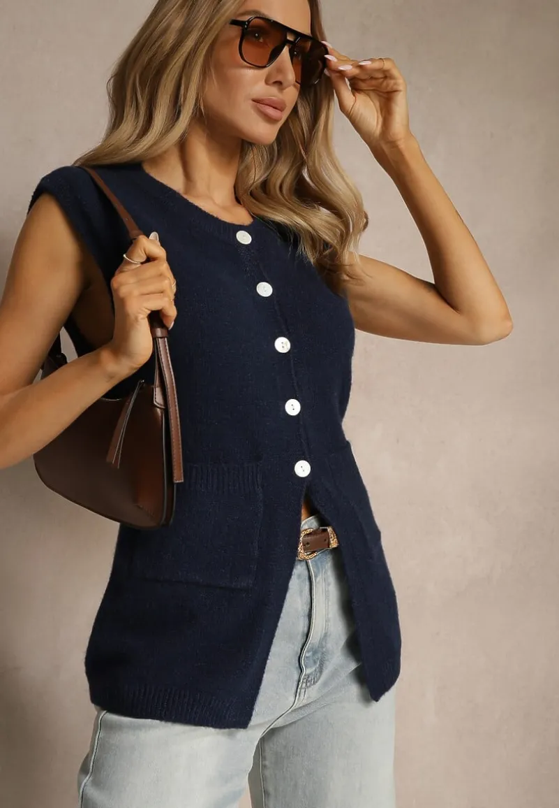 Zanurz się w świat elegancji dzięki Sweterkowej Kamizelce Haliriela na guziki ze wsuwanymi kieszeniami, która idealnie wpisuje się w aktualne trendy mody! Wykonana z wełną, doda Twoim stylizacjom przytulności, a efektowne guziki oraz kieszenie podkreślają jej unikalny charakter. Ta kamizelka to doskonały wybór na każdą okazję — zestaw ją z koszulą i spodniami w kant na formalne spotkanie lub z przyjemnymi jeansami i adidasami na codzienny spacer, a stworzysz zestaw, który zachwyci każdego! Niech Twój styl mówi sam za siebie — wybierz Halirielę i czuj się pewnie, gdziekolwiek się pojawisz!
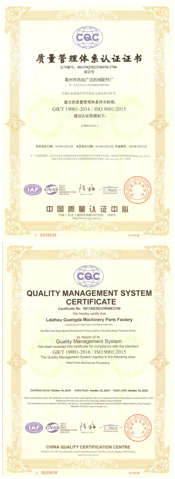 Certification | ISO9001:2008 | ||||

--------

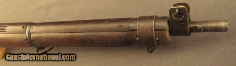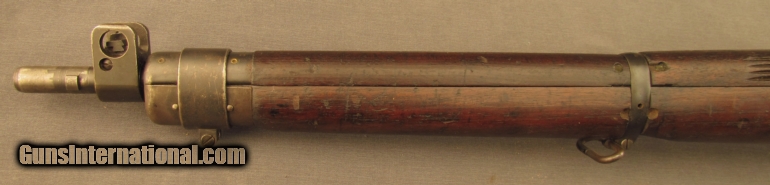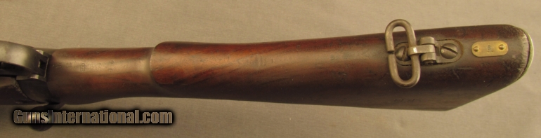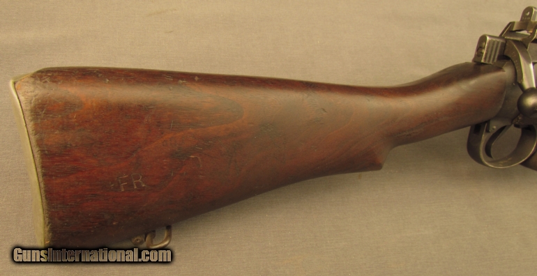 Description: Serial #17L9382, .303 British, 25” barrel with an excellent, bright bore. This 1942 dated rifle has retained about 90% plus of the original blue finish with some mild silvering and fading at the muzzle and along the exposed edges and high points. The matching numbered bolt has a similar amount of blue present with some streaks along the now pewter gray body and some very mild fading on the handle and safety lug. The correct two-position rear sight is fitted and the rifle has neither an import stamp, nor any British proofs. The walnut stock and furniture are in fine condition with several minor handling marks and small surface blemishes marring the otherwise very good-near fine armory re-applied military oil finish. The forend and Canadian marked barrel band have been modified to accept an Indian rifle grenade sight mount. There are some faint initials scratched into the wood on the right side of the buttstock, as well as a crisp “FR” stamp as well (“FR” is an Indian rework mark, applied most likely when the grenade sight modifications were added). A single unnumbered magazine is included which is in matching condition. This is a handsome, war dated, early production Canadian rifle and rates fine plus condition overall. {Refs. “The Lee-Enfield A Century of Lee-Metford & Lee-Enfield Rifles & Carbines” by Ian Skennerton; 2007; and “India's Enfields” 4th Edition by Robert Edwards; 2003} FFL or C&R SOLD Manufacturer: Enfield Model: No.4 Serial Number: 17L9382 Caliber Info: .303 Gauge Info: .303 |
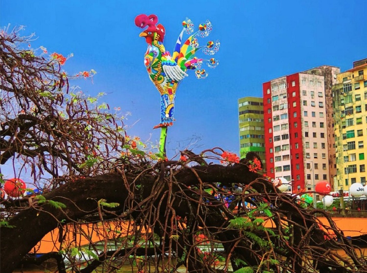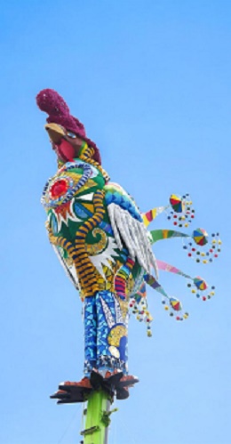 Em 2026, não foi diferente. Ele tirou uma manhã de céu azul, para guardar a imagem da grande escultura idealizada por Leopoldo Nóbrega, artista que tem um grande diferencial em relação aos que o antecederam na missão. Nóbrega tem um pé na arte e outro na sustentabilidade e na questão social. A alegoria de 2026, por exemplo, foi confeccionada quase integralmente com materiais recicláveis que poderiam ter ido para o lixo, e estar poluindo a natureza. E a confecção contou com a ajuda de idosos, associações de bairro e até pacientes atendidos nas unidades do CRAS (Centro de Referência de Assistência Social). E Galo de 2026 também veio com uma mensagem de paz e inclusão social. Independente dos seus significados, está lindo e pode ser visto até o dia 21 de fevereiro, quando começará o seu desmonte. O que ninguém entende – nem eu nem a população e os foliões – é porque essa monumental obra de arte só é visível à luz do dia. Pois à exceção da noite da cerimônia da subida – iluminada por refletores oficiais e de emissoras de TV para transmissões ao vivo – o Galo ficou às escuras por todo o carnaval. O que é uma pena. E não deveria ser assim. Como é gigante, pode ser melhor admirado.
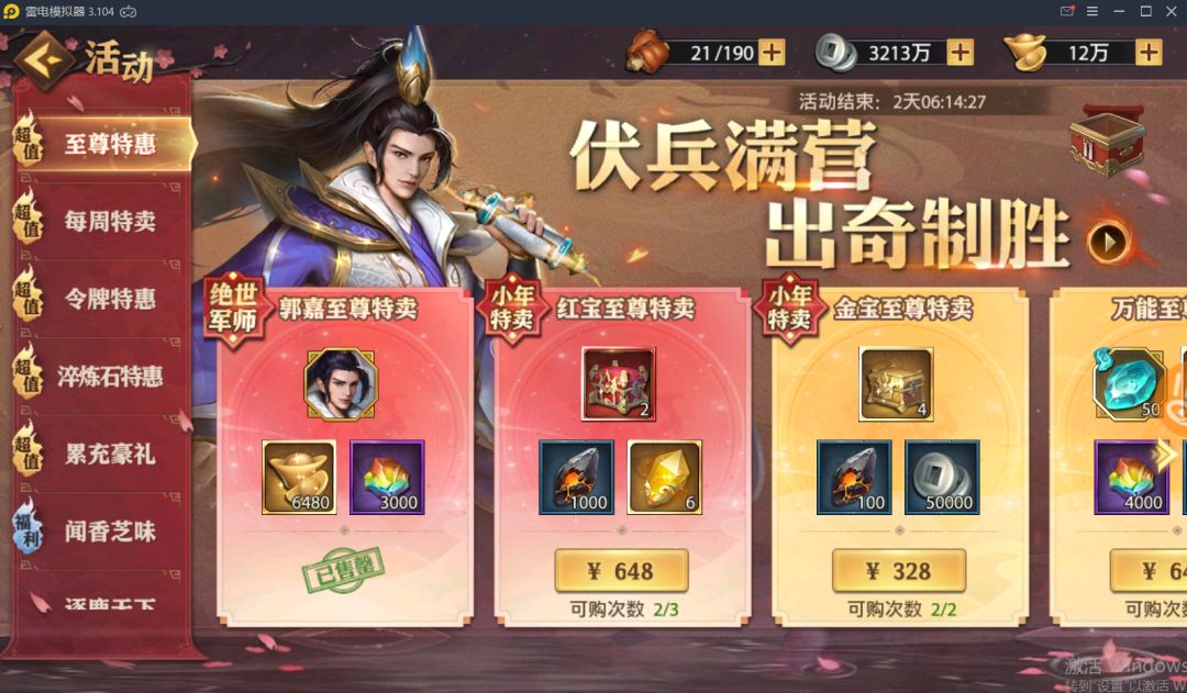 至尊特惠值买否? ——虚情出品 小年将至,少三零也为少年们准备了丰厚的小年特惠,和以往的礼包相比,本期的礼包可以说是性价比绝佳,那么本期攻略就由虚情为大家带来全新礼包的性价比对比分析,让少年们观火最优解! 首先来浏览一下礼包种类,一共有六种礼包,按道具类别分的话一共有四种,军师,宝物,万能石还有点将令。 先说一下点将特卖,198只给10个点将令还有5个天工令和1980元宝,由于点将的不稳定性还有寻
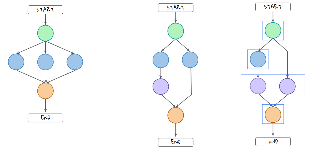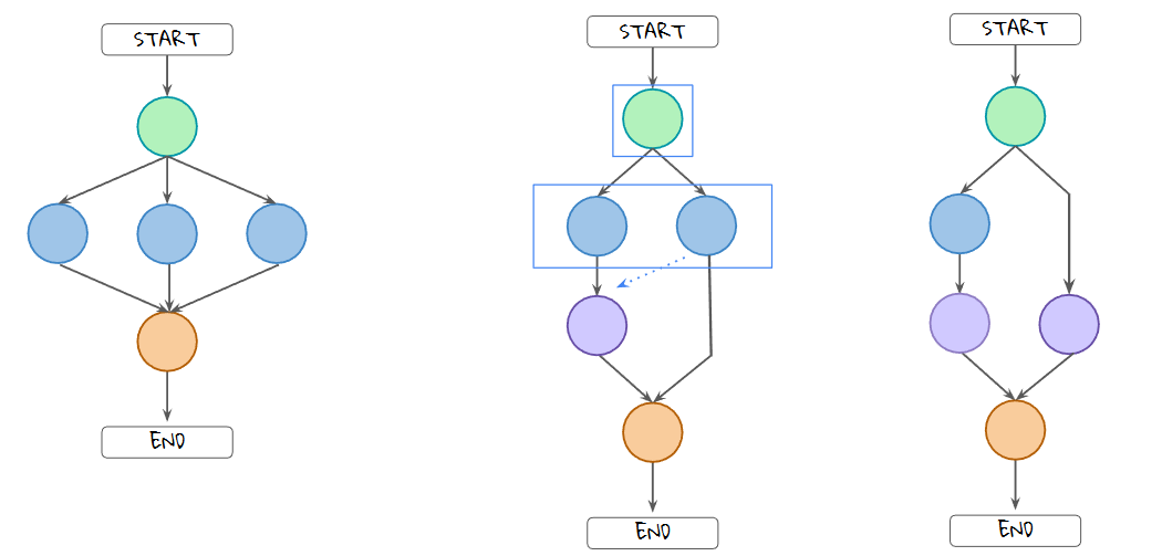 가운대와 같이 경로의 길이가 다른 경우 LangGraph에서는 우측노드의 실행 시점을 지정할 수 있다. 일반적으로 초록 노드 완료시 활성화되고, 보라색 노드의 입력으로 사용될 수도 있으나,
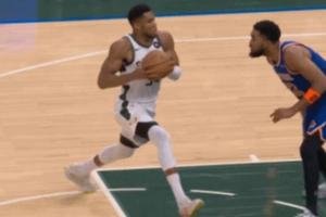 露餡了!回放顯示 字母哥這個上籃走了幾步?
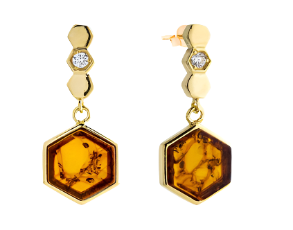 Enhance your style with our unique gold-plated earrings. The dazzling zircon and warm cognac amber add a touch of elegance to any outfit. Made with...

--------

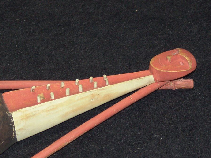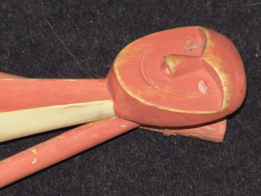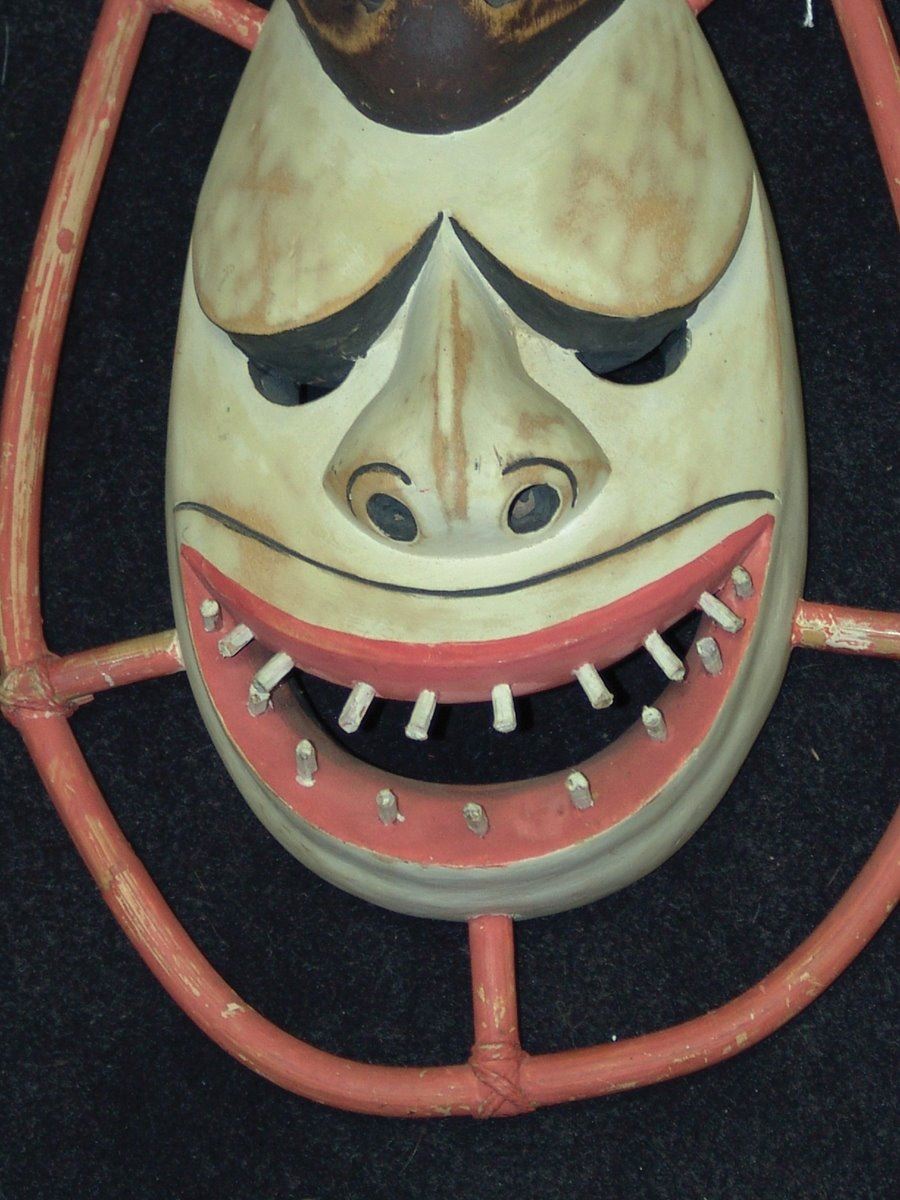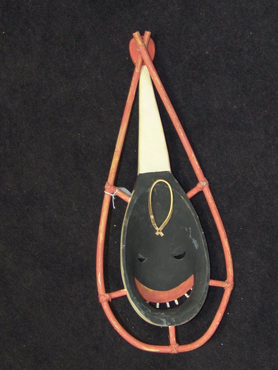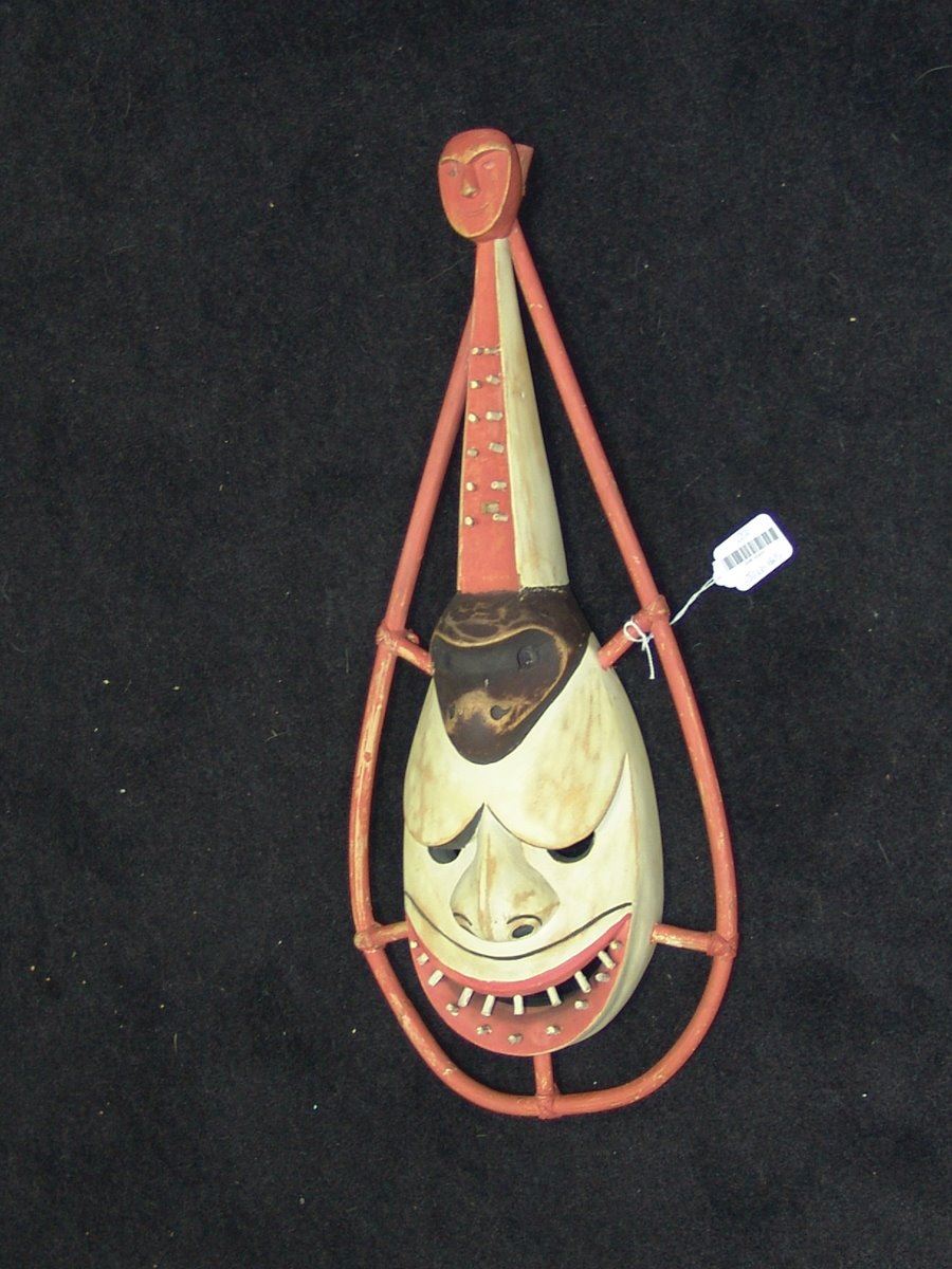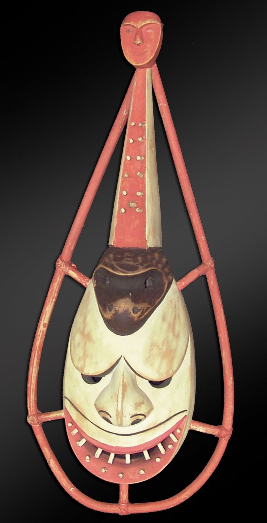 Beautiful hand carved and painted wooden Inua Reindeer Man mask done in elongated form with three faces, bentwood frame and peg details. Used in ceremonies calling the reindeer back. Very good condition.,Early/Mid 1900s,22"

--------

What's needed is an exact copy of the records above from the line containing "Zanurz się w" down to the line containing "Certification | ISO9001:2008 | ||||", both included, without any pictures.

 Zanurz się w świat elegancji dzięki Sweterkowej Kamizelce Haliriela na guziki ze wsuwanymi kieszeniami, która idealnie wpisuje się w aktualne trendy mody! Wykonana z wełną, doda Twoim stylizacjom przytulności, a efektowne guziki oraz kieszenie podkreślają jej unikalny charakter. Ta kamizelka to doskonały wybór na każdą okazję — zestaw ją z koszulą i spodniami w kant na formalne spotkanie lub z przyjemnymi jeansami i adidasami na codzienny spacer, a stworzysz zestaw, który zachwyci każdego! Niech Twój styl mówi sam za siebie — wybierz Halirielę i czuj się pewnie, gdziekolwiek się pojawisz!
 Certification | ISO9001:2008 | ||||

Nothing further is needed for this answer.